▶ [WHAT YOU WILL DO]: Return, with both end lines included, exactly what the data below holds from the line with "İhaleye konu olan" through the line with "c1970 This bracelet", though not the pictures.

▶ [DATA RECORDS]:
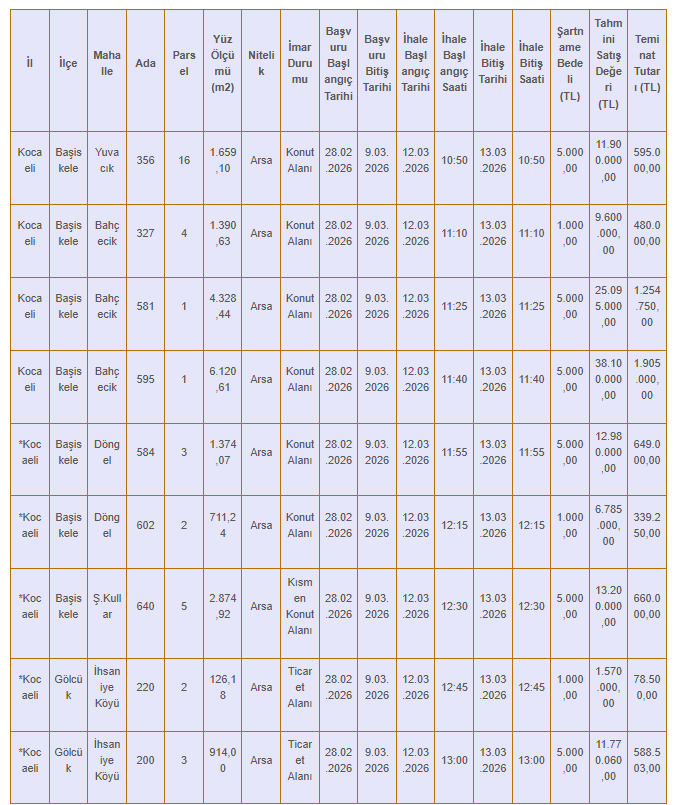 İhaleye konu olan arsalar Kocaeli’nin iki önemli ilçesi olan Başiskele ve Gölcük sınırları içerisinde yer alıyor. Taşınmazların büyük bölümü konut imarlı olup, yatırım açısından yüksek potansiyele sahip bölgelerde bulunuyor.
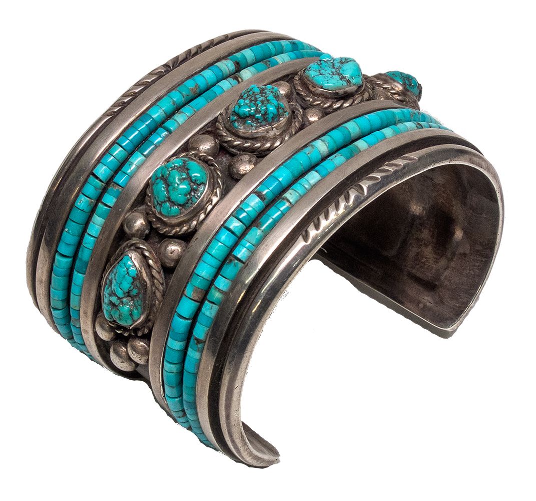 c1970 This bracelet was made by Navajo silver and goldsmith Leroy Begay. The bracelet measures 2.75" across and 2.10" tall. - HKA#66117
---
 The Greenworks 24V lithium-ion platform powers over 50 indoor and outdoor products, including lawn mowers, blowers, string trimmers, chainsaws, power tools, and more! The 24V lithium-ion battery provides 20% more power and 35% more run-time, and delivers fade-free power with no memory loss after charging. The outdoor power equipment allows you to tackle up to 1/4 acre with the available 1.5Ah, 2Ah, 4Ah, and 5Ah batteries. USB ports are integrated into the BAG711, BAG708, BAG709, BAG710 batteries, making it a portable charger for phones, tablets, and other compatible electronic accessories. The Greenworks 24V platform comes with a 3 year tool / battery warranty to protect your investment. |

▶ [OUTPUT OF THE TASK]:
 İhaleye konu olan arsalar Kocaeli’nin iki önemli ilçesi olan Başiskele ve Gölcük sınırları içerisinde yer alıyor. Taşınmazların büyük bölümü konut imarlı olup, yatırım açısından yüksek potansiyele sahip bölgelerde bulunuyor.
 c1970 This bracelet was made by Navajo silver and goldsmith Leroy Begay. The bracelet measures 2.75" across and 2.10" tall. - HKA#66117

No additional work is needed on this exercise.